Turning now to FIG. 7F, the operation of an embodiment of a remote tooth preparation device 401 is illustrated. In this device, a plurality of motor assemblies 400 power a handpiece assembly 402. The motor assemblies 400 provide the handpiece assembly 402 with multiple degrees of movement freedom. A burr 404 extends from the bottom of the handpiece assembly 402 and is adapted to engage teeth 410 for cleaning or other dental operations. The handpiece assembly 402 includes one or more camera/light units 406, each of which has an air head 408 to direct a stream of air to keep moisture away from the camera's lens. The handpiece assembly 402 rests above a retractor 416. The device 401 receives air, water and/or electrical signals through a conduit 414. Water is removed through water outlets 412 on either side of the device 401.
During operation, water and air are provided to the device 401 to clean and/or lubricate the teeth 410 during a dental operation. A remote computer (not shown) receives video output of the camera/light unit 406 and processes the video. In one embodiment, the computer can perform image processing to recognize the tooth structures and to guide the burr 408 to clean or operate the teeth 410. The air stream from air heads 408 can be activated continuously or on-demand as needed to clear moisture from the lens. The computer moves the burr 404 by actuating motor assemblies 400. Plaque and other dental waste are removed by circulating water from the water inlet of conduit 414 through water outlets 412. In the embodiment of FIG. 7F, a suction tube 413 in conjunction with a pump (not shown) removes waste water from the outlets 412.
The invention has been described in terms of specific examples which are illustrative only and are not to be construed as limiting. The invention may be implemented in digital electronic circuitry or in computer hardware, firmware, software, or in combinations of them. Apparatus of the invention may be implemented in a computer program product tangibly embodied in a machine-readable storage device for execution by a computer processor; and method steps of the invention may be performed by a computer processor executing a program to perform functions of the invention by operating on input data and generating output. Suitable processors include, by way of example, both general and special purpose microprocessors. Storage devices suitable for tangibly embodying computer program instructions include all forms of non-volatile memory including, but not limited to: semiconductor memory devices such as EPROM, EEPROM, and flash devices; magnetic disks (fixed, floppy, and removable); other magnetic media such as tape; optical media such as CD-ROM disks; and magneto-optic devices. Any of the foregoing may be supplemented by, or incorporated in, specially-designed application-specific integrated circuits (ASICs) or suitably programmed field programmable gate arrays (FPGAs).

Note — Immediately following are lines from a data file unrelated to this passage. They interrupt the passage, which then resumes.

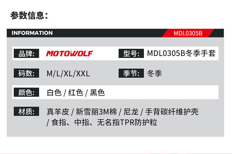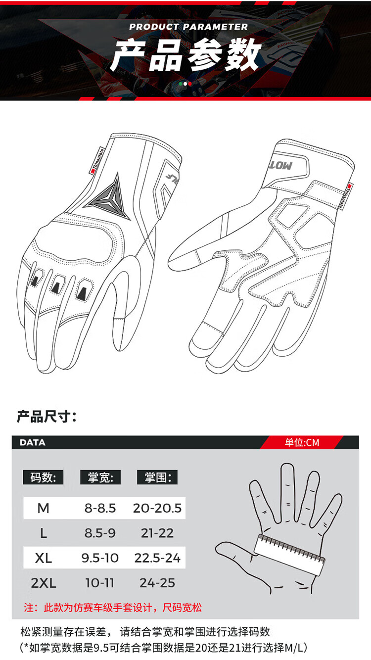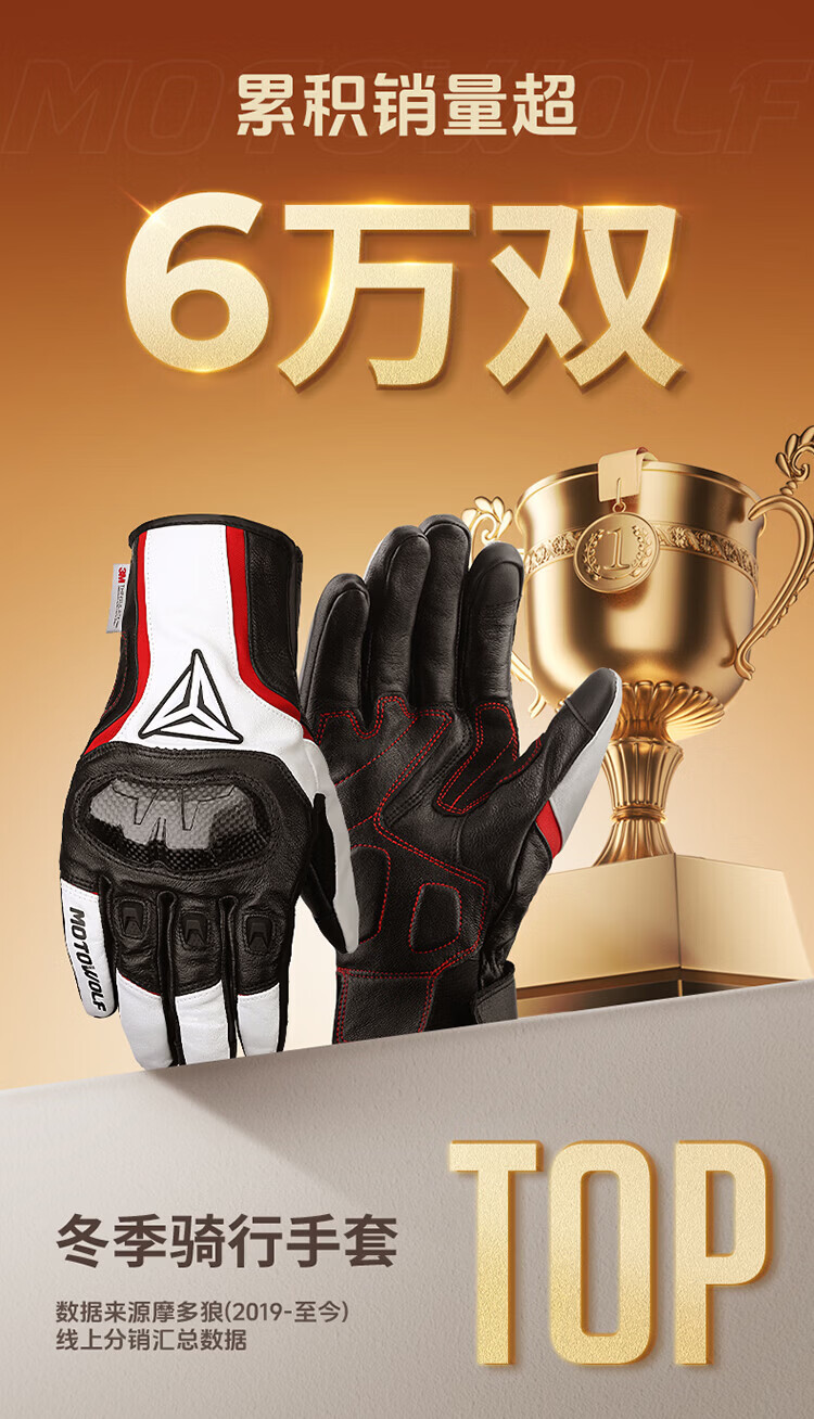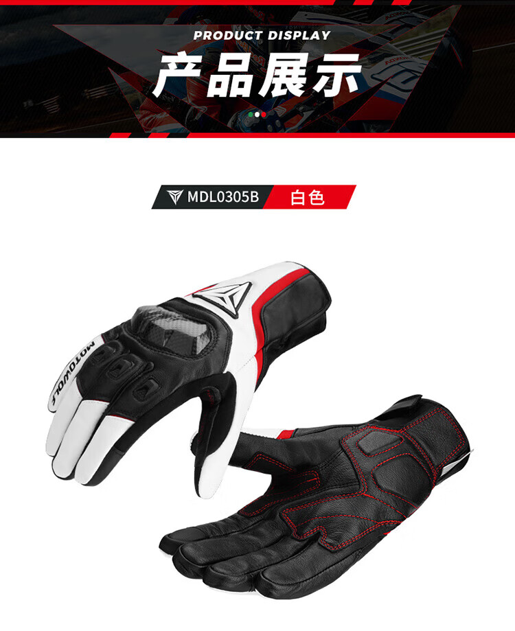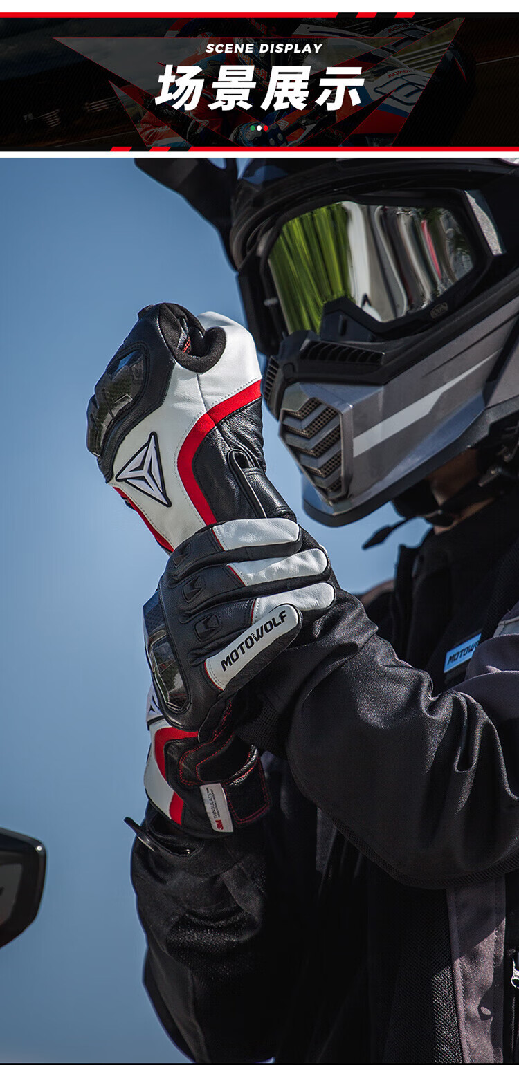 MOTOWOLF motorcycle leather gloves winter anti-fall plus velvet motorcycle motorcycle warm waterproof windproof carbon fiber rider equipment black/waterproof thickened plus velvet L/genuine sheepskin carbon fiber protective shell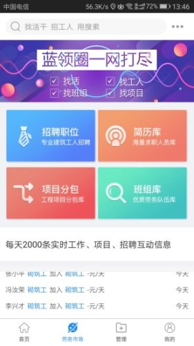 蓝领圈APP为施工单位、劳务公司、班组长、工人,提供从招工找活、项目分包、劳务管理、数据共享等服务为目标的建筑劳务生态圈服务平台。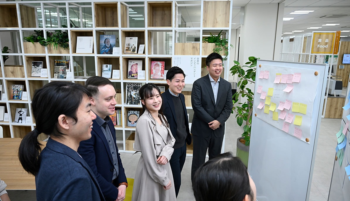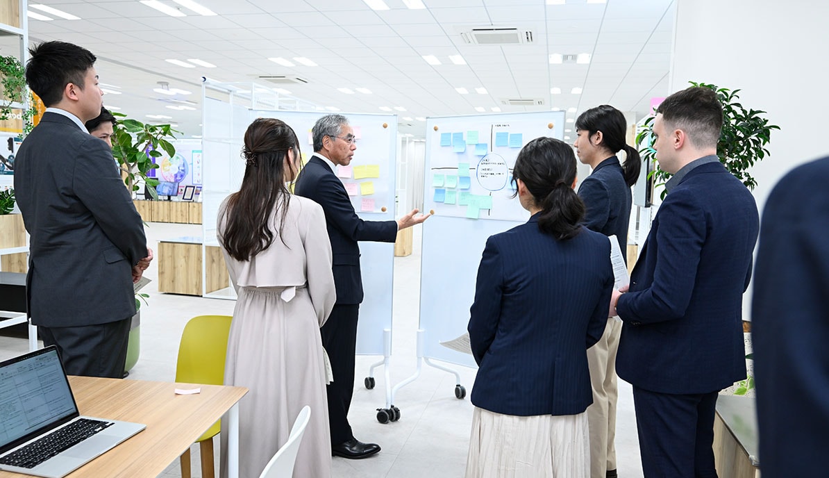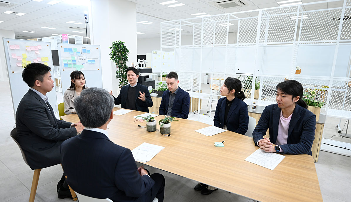 Young employees from different divisions of the company met with President Yamamoto to jointly discuss.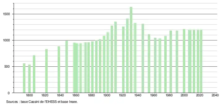 L'évolution du nombre d'habitants est connue à travers les recensements de la population effectués dans la commune depuis 1793. Pour les communes de moins de 10 000 habitants, une enquête de recensement portant sur toute la population est réalisée tous les cinq ans, les populations légales des années intermédiaires étant quant à elles estimées par interpolation ou extrapolation[13]. Pour la commune, le premier recensement exhaustif entrant dans le cadre du nouveau dispositif a été réalisé en 2007[14].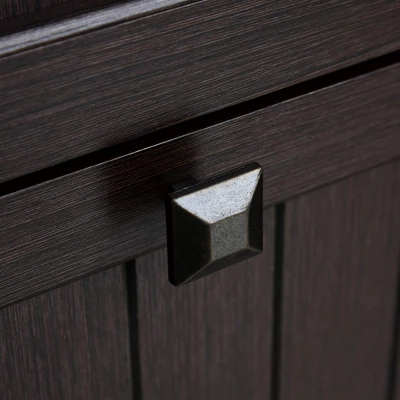 - Rustic Style: This office storage cabinet stands out for a rustic style. Classic wood grain veneered surface, slat-front detail, and elegant square knobs giving it a neutral aesthetic that can coordinate most decorations.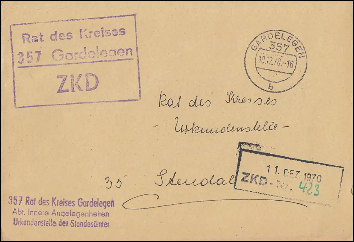 Lettre du ZKD Conseil du district de GARDELEGEN 10.12.70 selon STENDAL 11.12.1970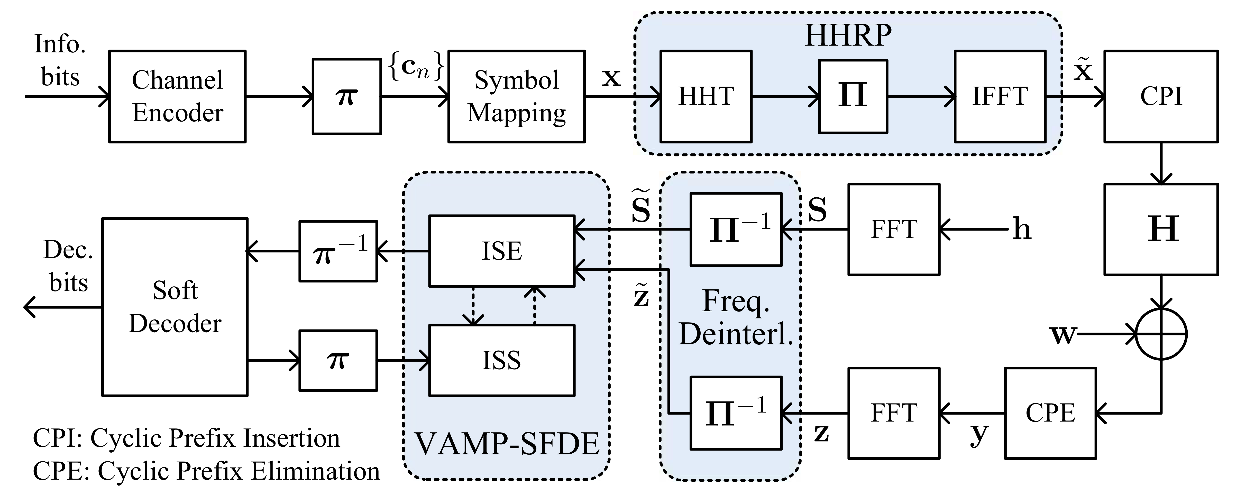 为了实现低复杂度下的最优均衡,中科院声学所海洋声学技术中心博士生李栋与其导师朱敏研究员、武岩波研究员,联合东南大学陶俊教授共同提出了一种Hadamard-Haar随机预编码(Hadamard-Haar Random Precoding,HHRP)方案,并在接收端通过向量近似消息传递(vector approximate message passing, VAMP)算法使均衡性能接近理论最优值。

From the aforegoing disclosure and certain variations and modifications already disclosed therein for purposes of illustration, it will be evident to one skilled in the relevant art that the present inventive concept can be embodied in forms different from those described and it will be understood that the invention is intended to extend to such further variations. While the preferred forms of the invention have been shown in the drawings and described herein, the invention should not be construed as limited to the specific forms shown and described since variations of the preferred forms will be apparent to those skilled in the art. Thus the scope of the invention is defined by the following claims and their equivalents.